▸ WHAT IS BEING ASKED:
Copy word for word the lines of the records below, beginning at the one with "Canon Pixma MG6240" and finishing at the one with "Gisele Bundchen praticamente", ends included, but none of the pictures.

Collection entries:
===

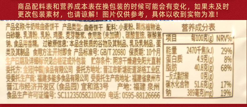 | Color Classification | Cookies 500g*4 (Off-White),Cookies 500g*4 (Red),Two Packages Randomly Mixed 500g*4 |
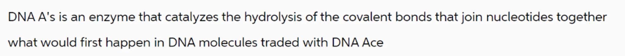 DNA A's is an enzyme that catalyzes the hydrolysis of the covalent bonds that join nucleotides together what would first happen in DNA molecules traded with DNA Ace
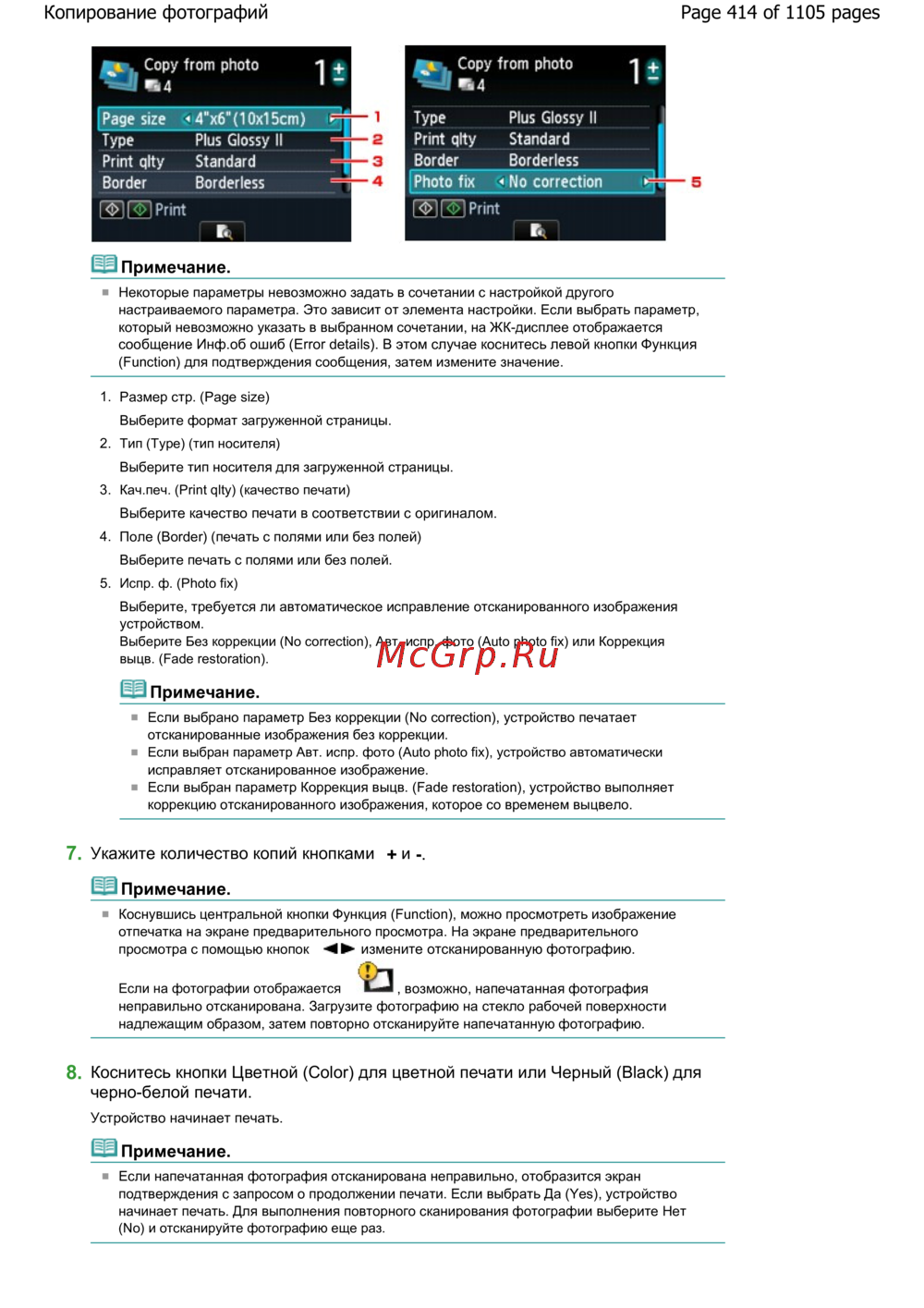 Canon Pixma MG6240 — настройки печати и сканирования: руководство по параметрам [414/1105]
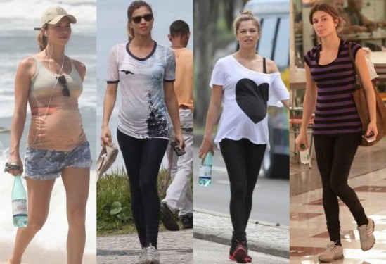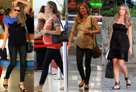 Gisele Bundchen praticamente não engordou na sua gravidez. Só faz uma barriguinha. As pernas continuam magrinhas. Acho que deve ter sido bem mais fácil ser uma grávida assim. A modelo usou bastante legging + blusa justa + casaco. Combinação perfeita.
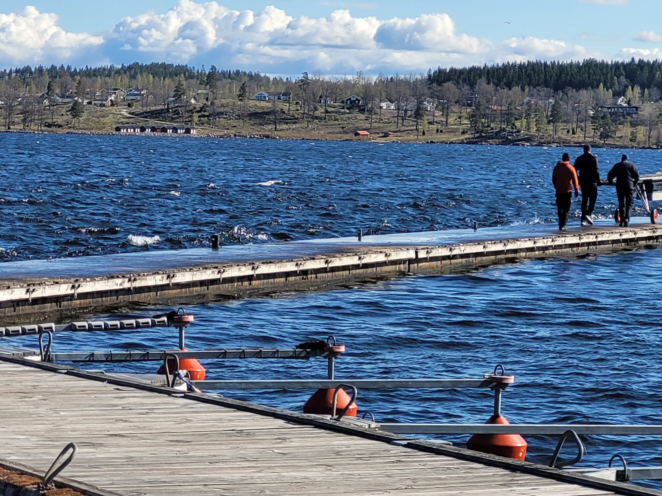 Det var en blåsig dag med vindar upp mot 14 m/s i vindbyarna. Vilkets märktes när man var längs ute på bryggorna och kanske mest på brygga 4 som ligger som en vågbrytare för de andra. Där vågor slog emot och risk för att bli blöt.

===

▸ YOUR SOLUTION:
 Canon Pixma MG6240 — настройки печати и сканирования: руководство по параметрам [414/1105]
 Gisele Bundchen praticamente não engordou na sua gravidez. Só faz uma barriguinha. As pernas continuam magrinhas. Acho que deve ter sido bem mais fácil ser uma grávida assim. A modelo usou bastante legging + blusa justa + casaco. Combinação perfeita.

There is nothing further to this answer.